А в двадцатых годах, когда он как будто достиг недосягаемых высот, был членом ВЦИК, жил и позже в «Метрополе», внешний его облик был еще гораздо скромнее. Не только сюртука с крахмальным воротником — и пиджака с галстуком никогда на нем не бывало. Видавшая виды кепка (он, как и Ленин, оттягивал ее назад), темная толстовка, летом — косоворотка — вот обычный его костюм.
Этот неизменно больной человек отнюдь не заботился маниакально о своем здоровье. Совсем не был мрачен. Напротив, на редкость обаятелен в своем кругу. Это бывал какой-то фейерверк остроумия, неистощимая изобретательность в играх и маленьких «розыгрышах», которые он очень любил.
Повторяю, я знал его уже «на покое», большей частью — в кругу семьи и вообще родных, очень внимательного к детям. Но это внимание легко переходило в настороженность, такое было время.
— Гриша, Витя учится в меньшевистской школе. (Это при мне — отцу). Вчера он сказал… (не помню уже что).
И мне казалось, что с моим глубоко беспартийным отцом дядя Мика был гораздо ближе, чем с дядями Костей и Женей, с которыми его как будто должно было связывать общее революционное прошлое. Явно недолюбливал он меньшевиков, даже если это были двоюродные братья. И все же, когда только мог, употреблял все оставшееся свое влияние, чтобы хоть как-то смягчить их участь.
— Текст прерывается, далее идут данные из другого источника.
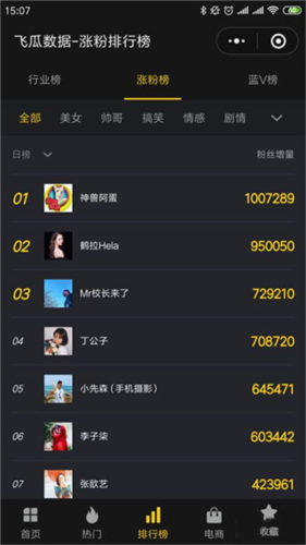 2、点击【涨粉榜】后,默认查看当日的粉丝增量排行榜。
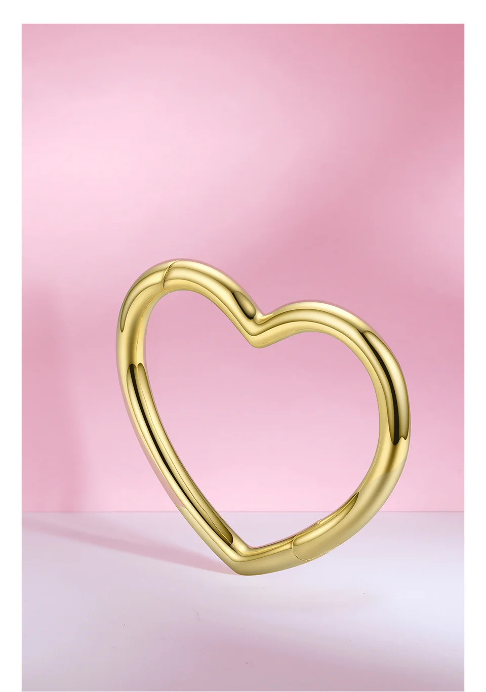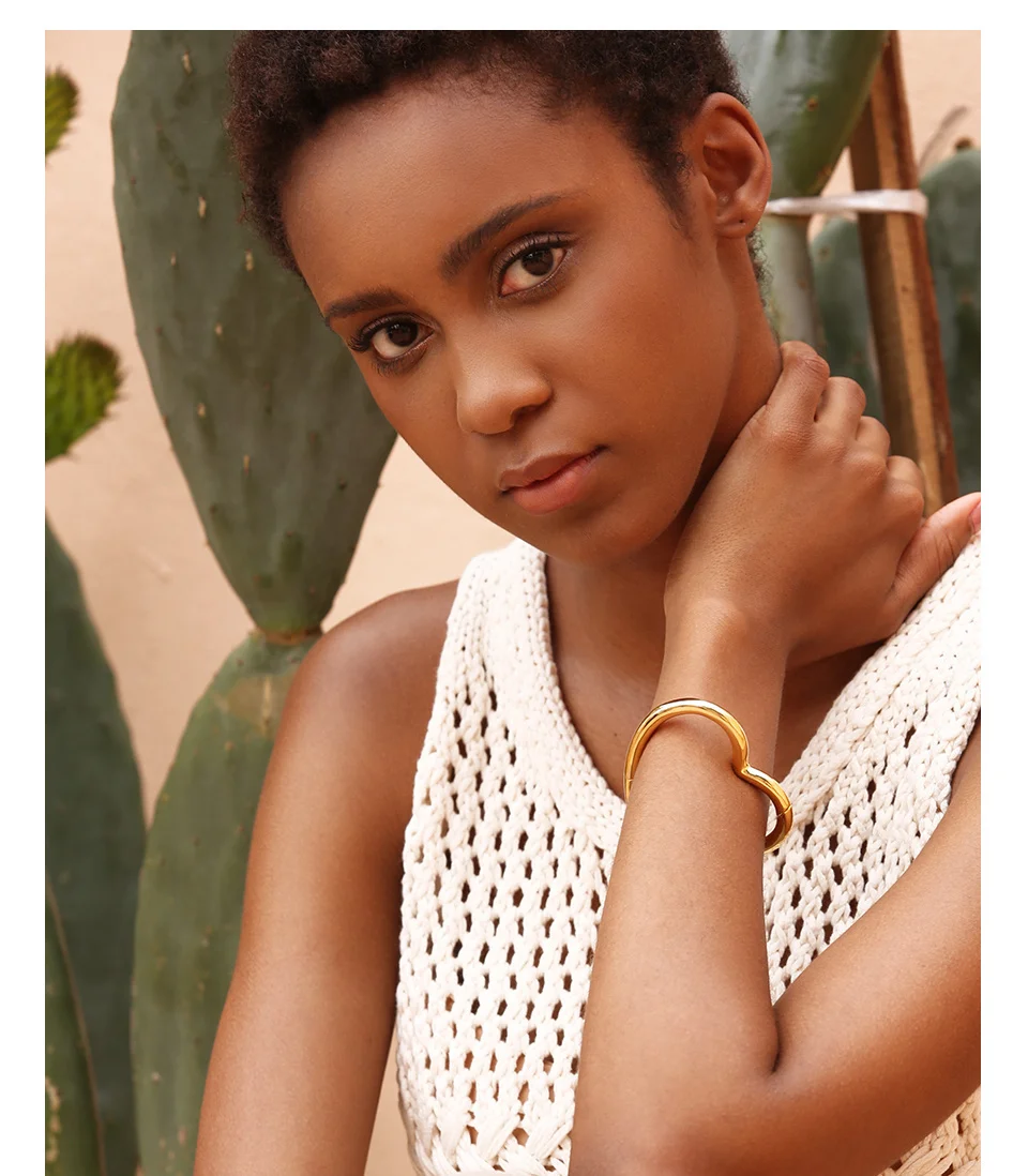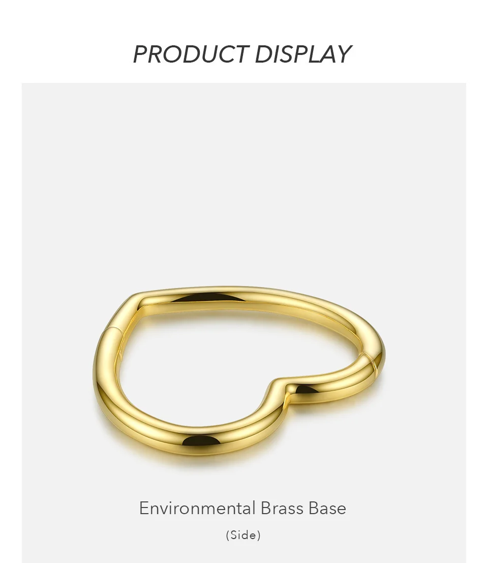 Heart Cuff Bangles For Women Accessories Gold Color Brass Bracelets Fashion Jewelry.
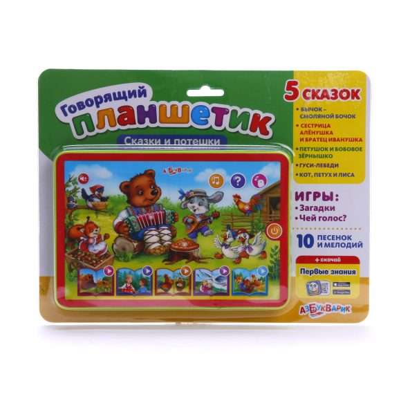 10 песенок и мелодий, 5 сказок («Бычок – смоляной бочок», «Сестрица Алёнушка и братец Иванушка», «Гуси-Лебеди», «Петушок и бобовое зёрнышко», «Кот, петух и лиса»), игры «Чей голос?» и «Загадки» порадуют малышей в планшетике «Сказки и потешки».
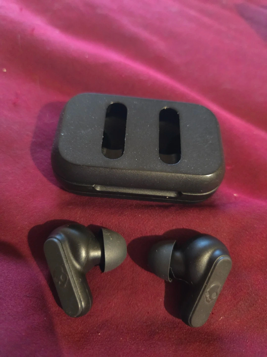 Selling a pair of Skullcandy Dime 2 true wireless earbuds in black. They are in great condition and come with the charging case. Perfect for everyday use and on the go!
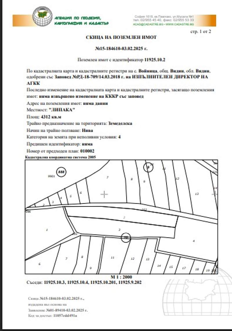 ½ ид.ч.отПоземлен имот с идентификатор11925.10.2 област Видин, община Видин, с. Войница, м. ЛИПАКА, вид собств. Частна, вид територия Земеделска, категория 4, НТП Нива, площ 4312 кв. м, стар номер 010002, Брой върхове:7 бр.при съседи на имота по скица: 11925.9.202, 11925.10.3, 11925.10.4, 11925.10.201.

В стране шла «культурная революция», и лозунг «Грамотный, обучи неграмотного» был очень популярен. Мне, ученику пятого класса (по теперешнему счету — тогда были группы), доверили организацию кружка ликбеза.
При большой ретивости у меня не было никакого опыта и (как, впрочем, и позже) никакого такта. Как-то я явился агитировать посещать занятия, как теперь помню, очень симпатичную молодую женщину как раз в тот вечер, когда у нее были гости, — и это меня не остановило. В подтрунивании гостей я увидел даже поддержку! Кончилось, конечно, скандалом. Может быть, эта женщина из-за меня так и осталась неграмотной до самой смерти. Когда я рассказал про это посещение дяде Мике, возмущаясь «несознательностью» женщины, он заливисто смеялся, потом объяснил мне всю неправильность моего поведения. И, как я потом узнал, приводил этот пример плохой организации важного дела, которое нельзя поручать детям.
Когда мне год спустя надо было сделать какое-то сообщение из эпохи феодализма, у дяди Мики нашелся, конечно, для меня не только Рожков, но и Вальтер Скотт. Нашлось и время сказать мне несколько поясняющих слов.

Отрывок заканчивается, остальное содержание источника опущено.